Required action →
If an entry holds a picture, leave the picture out and output everything else exactly.

Records to process →

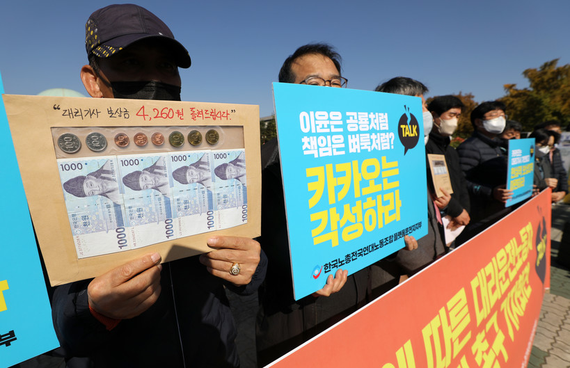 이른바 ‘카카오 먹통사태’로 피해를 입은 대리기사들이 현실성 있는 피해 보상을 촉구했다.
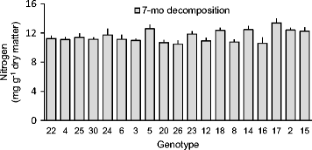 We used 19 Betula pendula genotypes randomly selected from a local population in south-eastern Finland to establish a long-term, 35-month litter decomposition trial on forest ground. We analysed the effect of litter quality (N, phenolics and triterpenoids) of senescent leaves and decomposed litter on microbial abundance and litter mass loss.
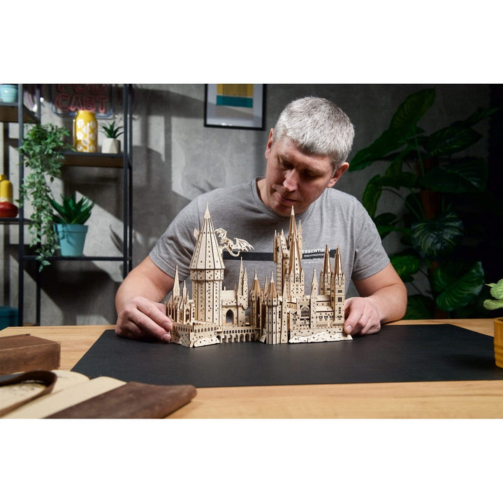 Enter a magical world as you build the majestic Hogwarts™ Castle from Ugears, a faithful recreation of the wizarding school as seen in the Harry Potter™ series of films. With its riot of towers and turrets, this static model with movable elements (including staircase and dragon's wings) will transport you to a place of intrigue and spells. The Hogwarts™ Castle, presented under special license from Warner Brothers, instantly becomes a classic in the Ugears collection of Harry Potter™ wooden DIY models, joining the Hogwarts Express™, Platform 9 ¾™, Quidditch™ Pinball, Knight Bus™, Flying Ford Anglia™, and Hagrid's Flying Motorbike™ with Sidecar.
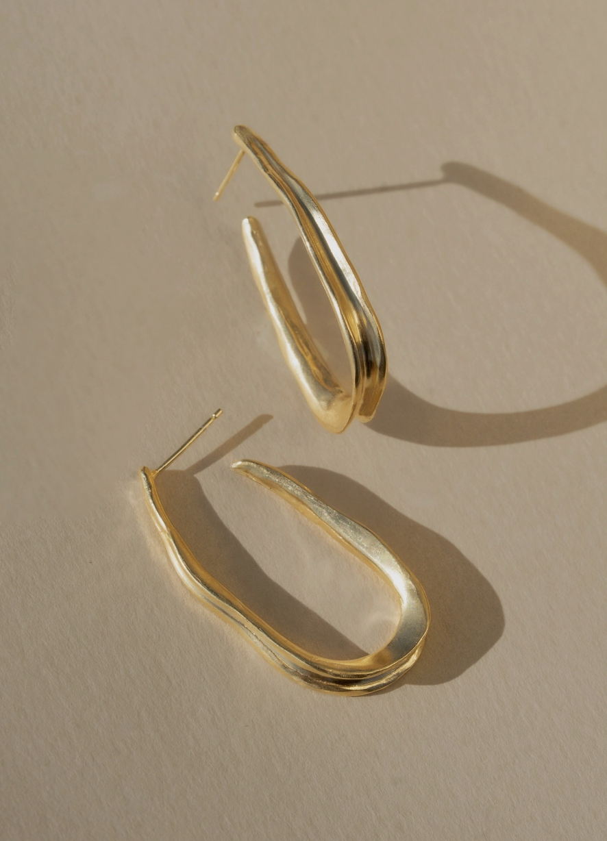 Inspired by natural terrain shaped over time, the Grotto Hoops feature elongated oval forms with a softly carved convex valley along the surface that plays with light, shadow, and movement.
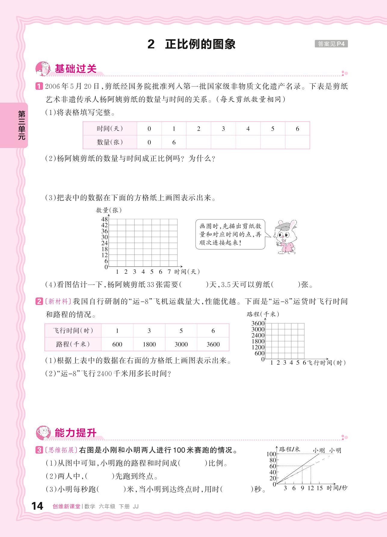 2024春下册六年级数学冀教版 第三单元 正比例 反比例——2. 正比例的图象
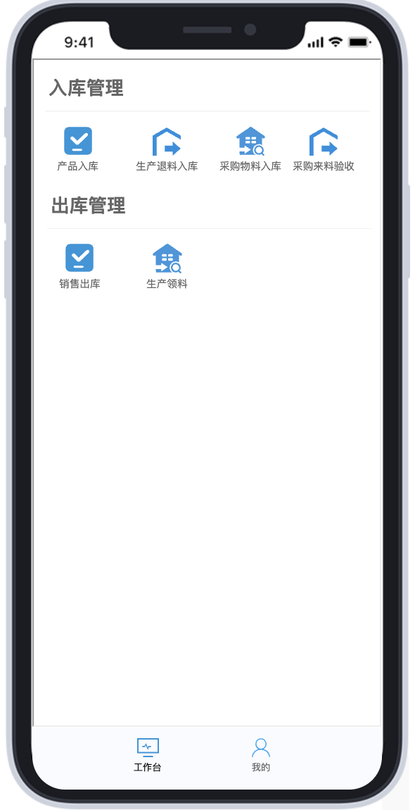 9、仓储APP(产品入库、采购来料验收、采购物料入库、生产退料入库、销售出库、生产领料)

Answer to this problem →
 이른바 ‘카카오 먹통사태’로 피해를 입은 대리기사들이 현실성 있는 피해 보상을 촉구했다.
 We used 19 Betula pendula genotypes randomly selected from a local population in south-eastern Finland to establish a long-term, 35-month litter decomposition trial on forest ground. We analysed the effect of litter quality (N, phenolics and triterpenoids) of senescent leaves and decomposed litter on microbial abundance and litter mass loss.
 Enter a magical world as you build the majestic Hogwarts™ Castle from Ugears, a faithful recreation of the wizarding school as seen in the Harry Potter™ series of films. With its riot of towers and turrets, this static model with movable elements (including staircase and dragon's wings) will transport you to a place of intrigue and spells. The Hogwarts™ Castle, presented under special license from Warner Brothers, instantly becomes a classic in the Ugears collection of Harry Potter™ wooden DIY models, joining the Hogwarts Express™, Platform 9 ¾™, Quidditch™ Pinball, Knight Bus™, Flying Ford Anglia™, and Hagrid's Flying Motorbike™ with Sidecar.
 Inspired by natural terrain shaped over time, the Grotto Hoops feature elongated oval forms with a softly carved convex valley along the surface that plays with light, shadow, and movement.
 2024春下册六年级数学冀教版 第三单元 正比例 反比例——2. 正比例的图象
 9、仓储APP(产品入库、采购来料验收、采购物料入库、生产退料入库、销售出库、生产领料)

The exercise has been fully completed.